━━━━━ Source material ━━━━━

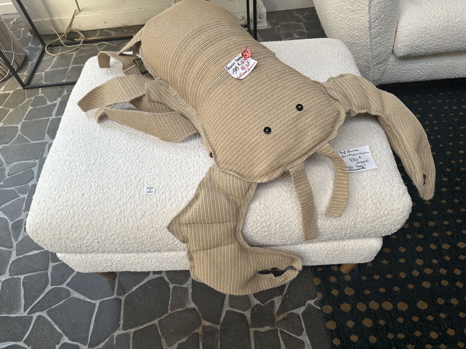 1 pouf EMMA tissus CAT2 bouclé blanc cassé déhoussable, 90X102X46cm, 1 coussin homard MXHOME...
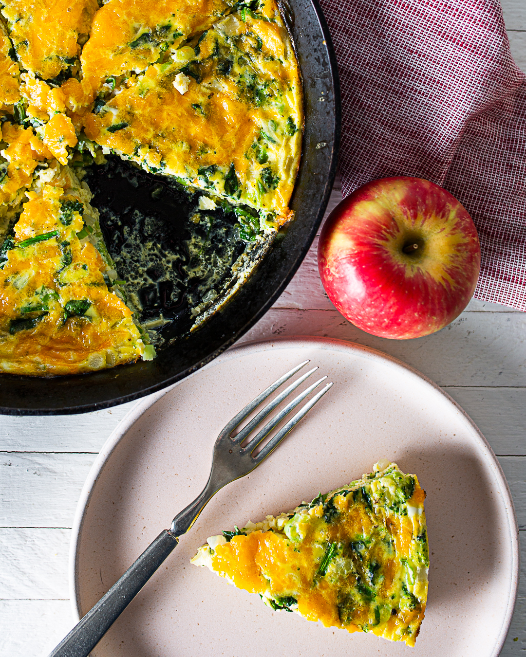 Once the frittata is done baking, let it rest for 5 to 10 minutes before slicing it into wedges. Serve immediately. Note: leftover frittata will keep well, covered and refrigerated, for up to 3 days.
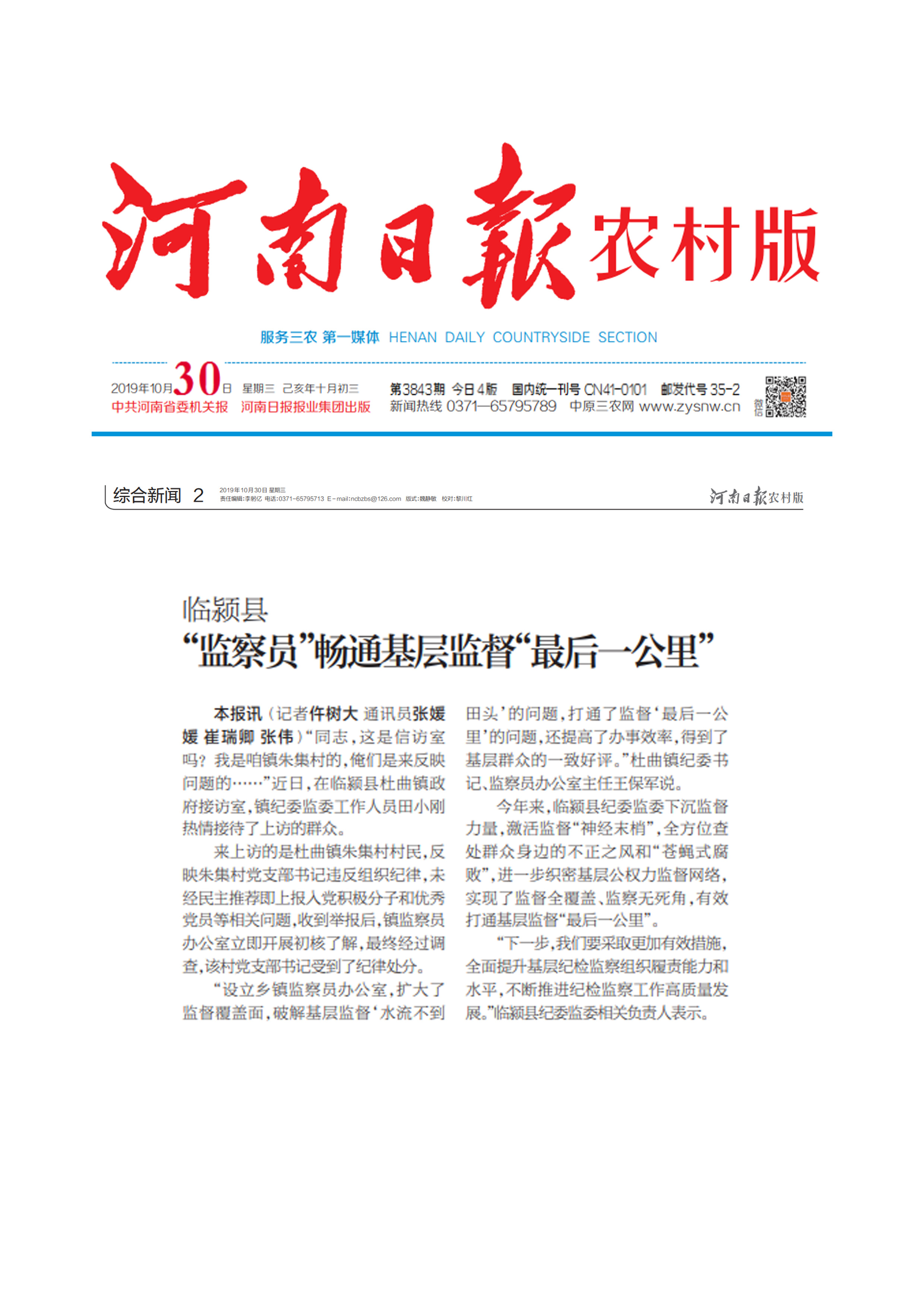 今年来,临颍县纪委监委下沉监督力量,激活监督“神经末梢”,全方位查处群众身边的不正之风和“苍蝇式腐败”,进一步织密基层公权力监督网络,实现了监督全覆盖、监察无死角,有效打通基层监督“最后一公里”。

━━━━━

# Exercise
Could you copy each line above exactly as written, minus any pictures?

# Result of the exercise
 1 pouf EMMA tissus CAT2 bouclé blanc cassé déhoussable, 90X102X46cm, 1 coussin homard MXHOME...
 Once the frittata is done baking, let it rest for 5 to 10 minutes before slicing it into wedges. Serve immediately. Note: leftover frittata will keep well, covered and refrigerated, for up to 3 days.
 今年来,临颍县纪委监委下沉监督力量,激活监督“神经末梢”,全方位查处群众身边的不正之风和“苍蝇式腐败”,进一步织密基层公权力监督网络,实现了监督全覆盖、监察无死角,有效打通基层监督“最后一公里”。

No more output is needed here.